Maintenant, Benaki, viens saluer Mme la marquise, dit M. de Ghiliac en appelant du geste le négrillon demeuré à l’écart. Vous pourrez juger, Valderez, qu’il a fait de grands progrès. Dubiet — dont, entre parenthèses, je n’ai qu’à me louer — lui a appris à lire, et s’est occupé de son instruction religieuse. Il ne vous reste plus maintenant qu’à le faire baptiser.

Une lueur joyeuse vint éclairer les prunelles de Valderez.

Oh ! c’est très bien à vous, Élie, d’avoir fait continuer la tâche commencée ! Oui, tu vas être baptisé bien vite, mon petit Benaki, ajouta-t-elle en caressant les cheveux crépus de l’enfant dont les bons yeux extasiés se levaient sur elle. Ainsi vous êtes content de ce pauvre Dubiet, Élie ?

Tout à fait satisfait. C’est un excellent garçon, et fort intelligent.

Vous vous habituez à sa figure ?

Très bien. D’ailleurs il est moins maigre, et déjà paraît mieux. Puis, comme vous le disiez fort sagement, ces détails sont de peu d’importance… D’où venez-vous, ainsi ?

Tout en parlant, ils s’avançaient dans le sentier. M. de Ghiliac, souriant au regard timidement radieux de sa fille, l’avait appelée près de lui et la tenait par la main, comme un père très heureux de revoir son enfant après une longue absence.

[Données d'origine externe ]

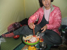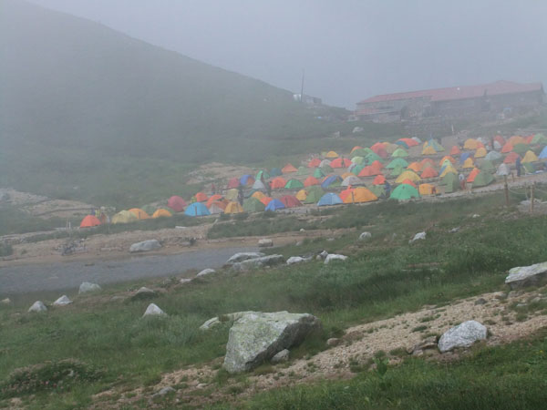| お天気の悪い中、12時間近くを要し、ようやく双六のテン場に到着です。 |

J’avais été avec Mme Vangue visité une pauvre famille. En revenant, nous flânions un peu pendant que les enfants s’amusaient.

Cette jeune femme paraît charmante. Mais elle n’est pas tout à fait de votre monde.

Pas de mon monde ! Je vous avoue que cette considération ne m’empêche pas de traiter en amie cette personne très distinguée, moralement et physiquement.

Ne voyez pas dans mes paroles un reproche, je vous en prie ! dit-il vivement. C’était une simple remarque, et je vous approuve absolument. Vous avez en effet l’âme trop noble pour tomber dans des petitesses de ce genre.

Une légère rougeur monta au teint de la jeune femme. La voix d’Élie venait d’avoir des vibrations graves qu’elle ne lui connaissait pas.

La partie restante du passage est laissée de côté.